Flotations slump but buy-outs soar
The amount of money raised through stock market flotations has slumped this year but the total value of management buy-outs soared to a record, according to contrasting surveys published yesterday.
Total funds raised by new issues, excluding demutualisations, fell from pounds 10bn in 1996 to pounds 3.5bn in 1997, according to KPMG Corporate Finance.
But a survey by the Centre for Management Buy-Out Research (CMBOR) shows that pounds 10.4bn was spent on buy-outs and buy-ins in 1997 - a pounds 2.6bn increase on the previous year. The figure could grow higher still, depending on how quickly CinVen completes the pounds 900m buy-out of IPC Magazines from Reed Elsevier.
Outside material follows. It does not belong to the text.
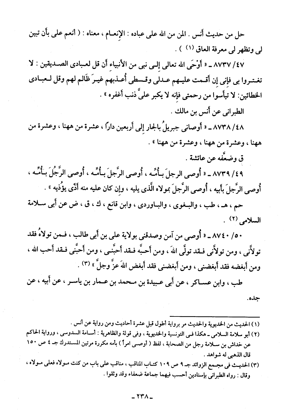 48/ 8738 - "أَوصانى جبريلُ بالجار إِلى أَربعين دارًا، عشرة من ههنا، وعشرة من ههنا، وعشرة من ههنا، وعشرة من ههنا".
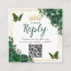 Emerald Green Floral Butterfly Quinceanera QR Code Enclosure Card

KPMG blamed the sharp fall in new issue finance on institutions investing more of their funds in large liquid stocks such as banks and pharmaceutical companies, the underperformance of the FTSE smaller companies index and problems with the Alternative Investment Market.
Neil Austin, head of new issues at KPMG, warned that if the trend continued smaller companies wanting to float could find themselves starved of equity funding.
Including the Norwich Union flotation, which raised pounds 3bn of new money this year, the total value of new issues was pounds 6.6bn. This compared with pounds 10.14bn in the previous year but the 1996 figure was distorted by the flotations of Railtrack and British Energy, which raised pounds 3.2bn.
The survey by CMBOR, which is based at Nottingham University and sponsored by Deloitte & Touche and BZW, showed that the buy-out surge was driven by a few mega-deals such as Nomura's pounds 900m purchase of the William Hill betting chain. While the amount spent on buy-outs rose by 33 per cent, the number of transactions rose by only 3 per cent
Tom Lamb of BZW Private Equity cautioned that while the UK buy-out market was entering 1998 in an incredibly buoyant state, there were growing worries that the next transaction might prove a "deal too far".